7. Metadata Filtering¶

Metadata filtering restricts retrieval to relevant subsets before (pre-filtering) or after (post-filtering) vector search.

Pre-filtering (filter first, then search the smaller set):

Faster — ANN search runs on a smaller index.
Risk: over-filtering can hurt recall if filters are too strict.

Post-filtering (search first, then discard irrelevant results):

Better recall — the full index is searched.
Wastes compute on candidates that will be filtered out.

Common metadata filters:

Document type or source
Timestamp / version (retrieve only recent documents)
Author or department
Access permissions / tenant ID (multi-tenant RAG)
Content type (prose vs. table vs. code)

Metadata filtering is one of the highest-ROI improvements in a vanilla RAG system — it narrows the search space without changing the embedding model or retraining anything.
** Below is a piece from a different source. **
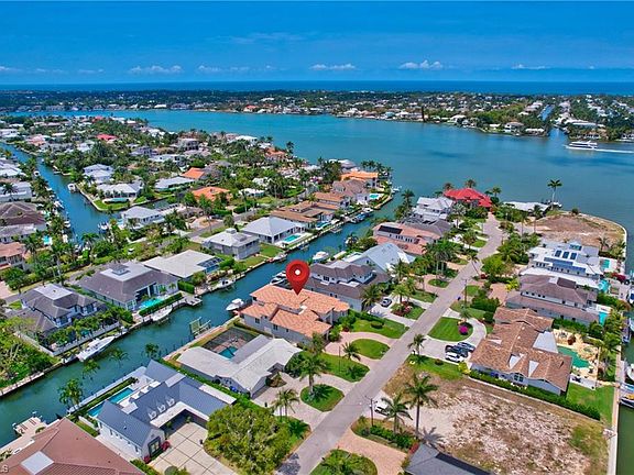 Premium waterfront location in Royal Harbor, conveniently located on a quiet street in Royal Harbor this home is over 4100 square feet and has an amazing outdoor space. The new owners will love relaxing in the black bottom pool with infinity edge overlooking its dock, canal and southern rear exposure. The neighborhood is close to everything Naples has to offer and is full of active residents, enthusiastic boaters. Take advantage of complete first-floor living with the benefit of additional square footage on the second floor. Upon entry you will find multiple large living spaces, a spacious primary bedroom, two additional ensuite bedrooms, a study, formal and informal dining, large kitchen, powder room, laundry. As a BONUS, the second story is perfectly set up to be a custom guest suite for your visitors with a large bedroom, bathroom, huge bonus room and balcony with bay views. The back of the home offers outdoor access to the outdoor kitchen, screened lanai from end to end giving views of the deep water canal and a 13,000 LBS. boat lift. With a base floor elevation of 10 feet, the home has never had any flood water inside the residence. Boaters will quickly hit the Gulf Waters via Gordon's Pass in approximately 12 minutes. Royal Harbor makes up the East shoreline of Naples Bay. Residents can quickly be to downtown in a 1.5-mile bike ride or to the white sand beaches in less than 2.5 miles. Other convenient destinations include the Bay Shore Arts District, Baker Park, Botanical Gardens, as well as all of the shopping conveniences of daily life. This well-maintained home is priced to sell and ready for personal touches of a new owner.

8. Multi-Tenant RAG and Access Control¶

In enterprise systems, different users should only retrieve from their permitted document subset. Two main approaches:

Namespace / collection isolation: Each tenant's documents live in a separate index namespace. Cleanest isolation but higher infrastructure cost.
Metadata-based filtering: All documents share one index; retrieval filters on a tenant_id metadata field. More efficient but relies on the vector DB correctly enforcing filters.